The problem with that approach (current upstream) is that the generic
code tends not to read back the PTE, and thus still carries around a PTE
value that doesn't match what was actually written.
For example, we end up with update_mmu_cache() called with an "entry"
argument that has _PAGE_EXEC set while we really didn't write it into
the page tables. This will be problematic when we finally add preloading
directly into the TLB on those processors. There's at least one other
fishy case where huetlbfs would carry the PTE value around and later do
the wrong thing because pte_same() with the loaded one failed.
What do you suggest we do here ? Among the options at hand:
- Ugly but would probably "just work" with the last amount of changes:
we could make set_pte_at() be a macro on powerpc that modifies it's PTE
value argument :-) (I -did- warn it was ugly !)
- Another one slightly less bad that would require more work but mostly
mechanical arch header updates would be to make set_pte_at() return the
new value of the PTE, and thus change the callsites to something like:
entry = set_pte_at(mm, addr, ptep, entry)
- Any other idea ? We could use another PTE bit (_PAGE_HWEXEC), in
fact, we used to, but we are really short on PTE bits nowadays and I
freed that one up to get _PAGE_SPECIAL... _PAGE_EXEC is trivial to
"recover" from ptep_set_access_flags() on an exec fault or from the VM
prot.
Cheers,
Ben.
On Sat, 31 Oct 2009, Benjamin Herrenschmidt wrote:
> Hi folks !
>
> So I have a little problem on powerpc ... :-)
Thanks a lot for running this by us.
>
> Due to the way I'm attempting to do my I$/D$ coherency on embedded
> processors, I basically need to "filter out" _PAGE_EXEC in set_pte_at()
> if the page isn't clean (PG_arch_1) and the set_pte_at() isn't caused by
> an exec fault. etc...
>
> The problem with that approach (current upstream) is that the generic
> code tends not to read back the PTE, and thus still carries around a PTE
> value that doesn't match what was actually written.
>
> For example, we end up with update_mmu_cache() called with an "entry"
> argument that has _PAGE_EXEC set while we really didn't write it into
> the page tables. This will be problematic when we finally add preloading
> directly into the TLB on those processors. There's at least one other
> fishy case where huetlbfs would carry the PTE value around and later do
> the wrong thing because pte_same() with the loaded one failed.

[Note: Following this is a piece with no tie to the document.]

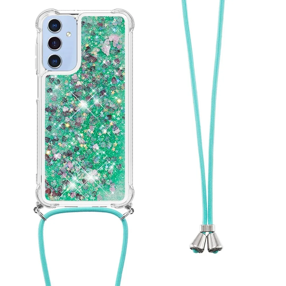 ✅【Fokozott ütésvédelem】A Samsung Galaxy A26 5G Glitters Lanyard tokját körülvevő puha TPU perem kiváló ütésvédelmet és leejtésmegelőzést biztosít, biztosítva, hogy telefonja biztonságban legyen a véletlen ütődésektől. ✅【Homokos, csillogó dizájn】A folyadékban lévő csillogó flitterek szabadon mozognak, és lenyűgöző hatást keltenek, mint a vízben úszó csillagok, így a telefontok egyszerre szórakoztató és divatos.

I've not looked to see if there are more such issues in arch/powerpc
itself, but those instances you mention are the only ones I managed
to find: uses of update_mmu_cache() and that hugetlb_cow() one.
The hugetlb_cow() one involves not set_pte_at() but set_huge_pte_at(),
so you'd want to change that too? And presumably set_pte_at_notify()?
It all seems a lot of tedium, when so very few places are interested
in the pte after they've set it.
>
> What do you suggest we do here ? Among the options at hand:
>
> - Ugly but would probably "just work" with the last amount of changes:
> we could make set_pte_at() be a macro on powerpc that modifies it's PTE
> value argument :-) (I -did- warn it was ugly !)
I'm not keen on that one :)
>
> - Another one slightly less bad that would require more work but mostly
> mechanical arch header updates would be to make set_pte_at() return the
> new value of the PTE, and thus change the callsites to something like:
>
> entry = set_pte_at(mm, addr, ptep, entry)
I prefer that, but it still seems more trouble than it's worth.
And though I prefer it to set_pte_at(mm, addr, ptep, &entry)
(which would anyway complicate many of the callsites), it might
unnecessarily increase the codesize for all architectures (depends
on whether gcc notices entry isn't used afterwards anyway).
>
> - Any other idea ? We could use another PTE bit (_PAGE_HWEXEC), in
> fact, we used to, but we are really short on PTE bits nowadays and I
> freed that one up to get _PAGE_SPECIAL... _PAGE_EXEC is trivial to
> "recover" from ptep_set_access_flags() on an exec fault or from the VM
> prot.
No, please don't go ransacking your PTE for a sparish bit.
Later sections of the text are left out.